Section 1: Introduction¶

Input Data Access¶

This notebook illustrates how to compute surface ocean heat content using potential temperature data from CESM2 Large Ensemble Dataset (https://www.cesm.ucar.edu/community-projects/lens2) hosted on NCAR’s GDEX.
This data is open access and is accessed via OSDF

# Imports
import intake
import numpy as np
import pandas as pd
import xarray as xr
import seaborn as sns
import re
import os
import matplotlib.pyplot as plt

import fsspec.implementations.http as fshttp
from pelicanfs.core import PelicanFileSystem, PelicanMap, OSDFFileSystem 
import cf_units as cf

import dask 
from dask_jobqueue import PBSCluster
from dask.distributed import Client
from dask.distributed import performance_report

init_year0  = '1991'
init_year1  = '2020'
final_year0 = '2071'
final_year1 = '2100'

def to_daily(ds):
    year = ds.time.dt.year
    day = ds.time.dt.dayofyear

    # assign new coords
    ds = ds.assign_coords(year=("time", year.data), day=("time", day.data))

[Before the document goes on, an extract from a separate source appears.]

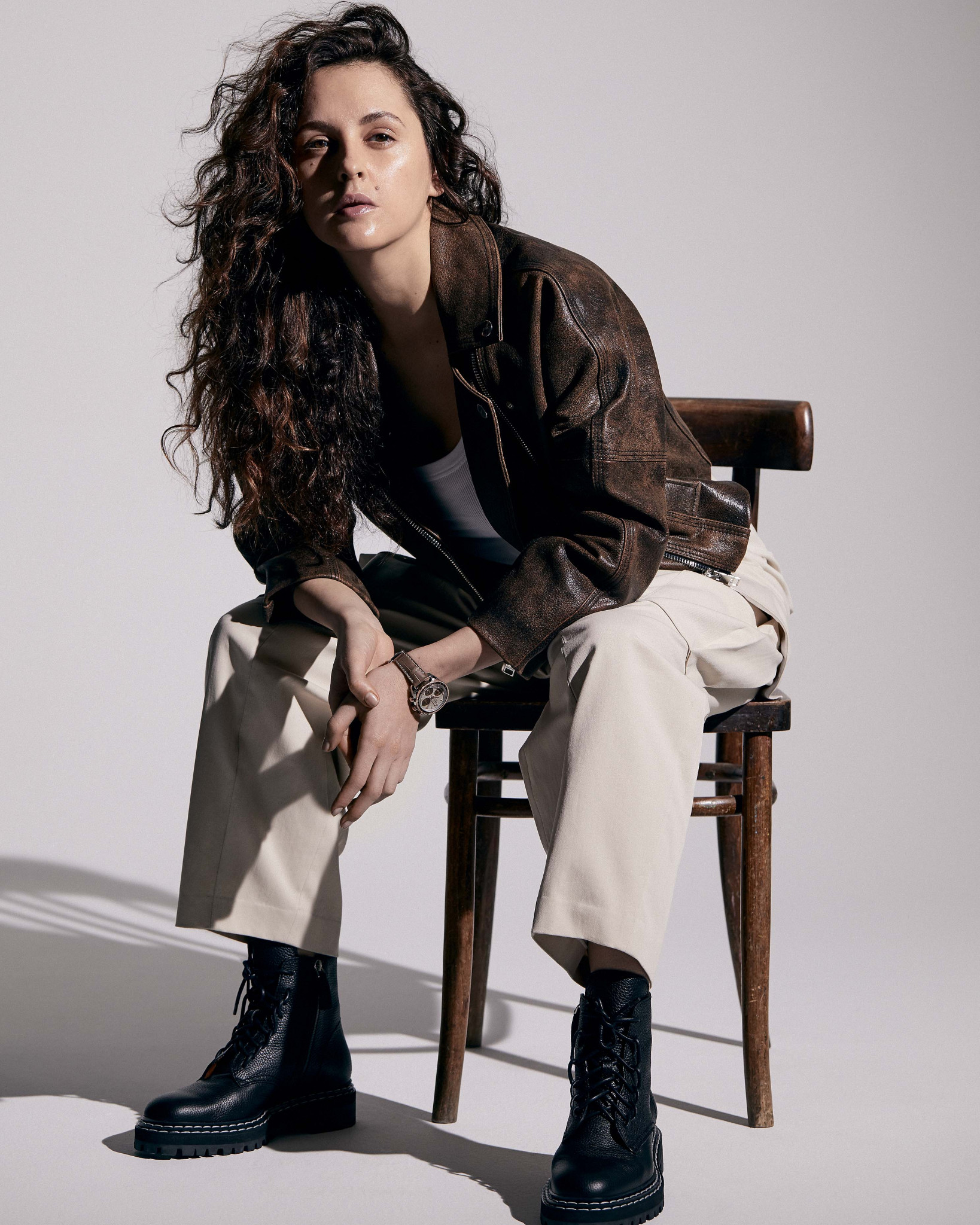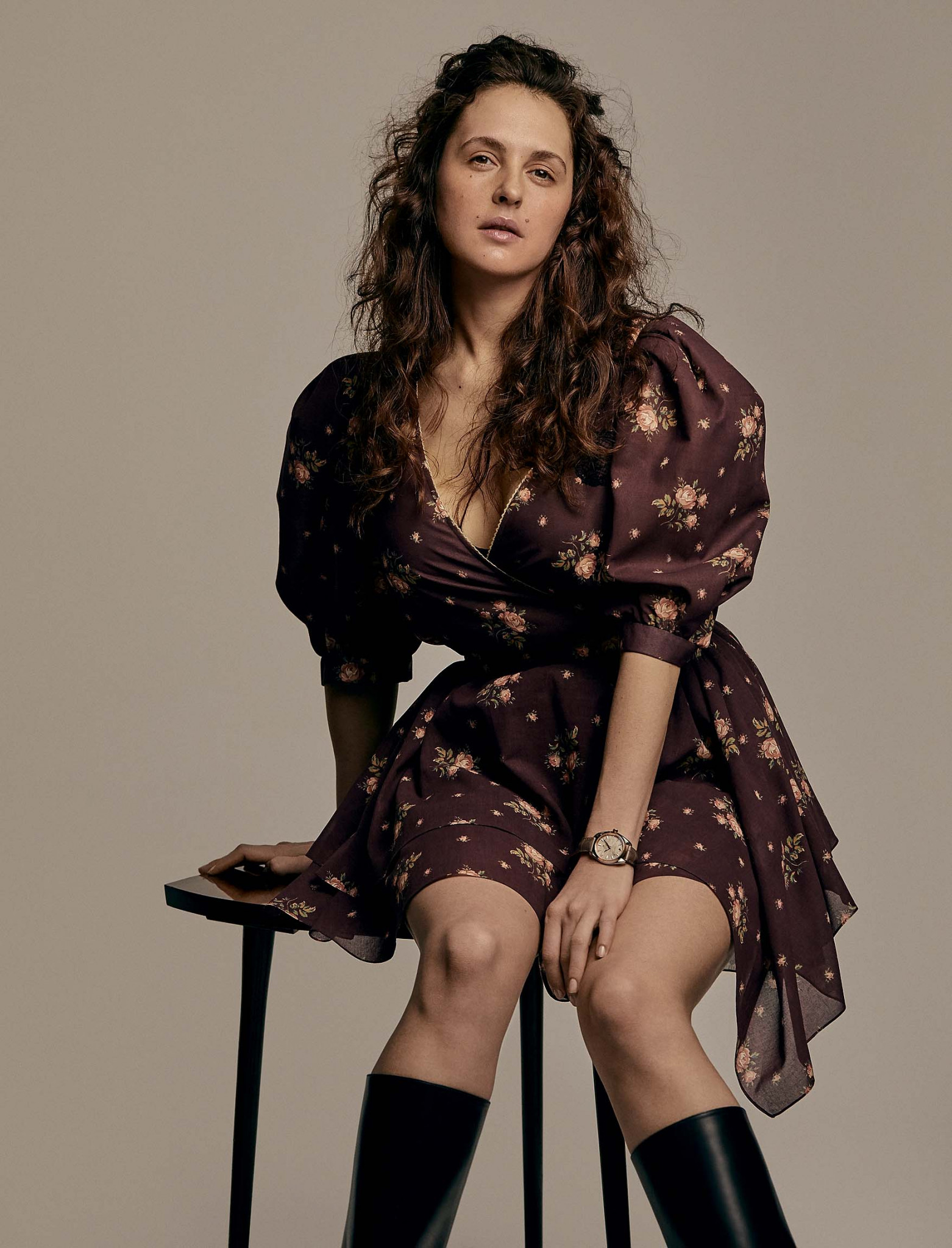 Вот, кстати, я убираю телефон, когда спортом занимаюсь и когда ем. Ценить свое время... Сейчас я немного забегу вперед. У нас получилась съемка для вас такая честная (надеюсь, и интервью будет таким же), у нас суперклассная команда, мои любимые профессионалы своего дела: Оля Тупоногова-Волкова, Марина Рой, другие девочки. Меня практически не красили, только тон и всё, даже ресницы не красили. Я смотрела сегодня фотографии — там следы на шее, которые с детства у меня, там уставшее лицо, потому что я была очень уставшая — видно, что человек что-то делал до этого. Но мне это нравится, потому что это очень естественно... Что касается времени, я недавно играла спектакль «Бэтмен против Брежнева», который очень люблю, там коллеги уникальные, удивительные. И вот я играю свою героиню Лёлю и понимаю, что за последний год, за исключением, может, месяца, я всё время играю в театре, а если я не в театре, то всё равно в театре. Я понимаю, что проходит моя жизнь, а я проживаю это время, существуя...

    # reshape the array to (..., "day", "year")
    return ds.set_index(time=("year", "day")).unstack("time")

# Set up your sratch folder path
username       = os.environ["USER"]
glade_scratch  = "/glade/derecho/scratch/" + username
print(glade_scratch)
#
catalog_url = 'https://osdata.gdex.ucar.edu/d010092/catalogs/d010092-osdf.json'
# catalog_url = 'https://data.gdex.ucar.edu/OS/d010092/catalogs/d010092-https.json'  #NCAR's Object store

/glade/derecho/scratch/harshah

Section 2: Select Dask Cluster¶

Setting up a dask cluster. You will need to choose the type of cluster based on your use case.
The default will be LocalCluster as that can run on any system.
If running on NCAR’s HPC i.e, Casper with a PBS Scheduler, set USE_PBS_SCHEDULER to True. Otherwise, set to False.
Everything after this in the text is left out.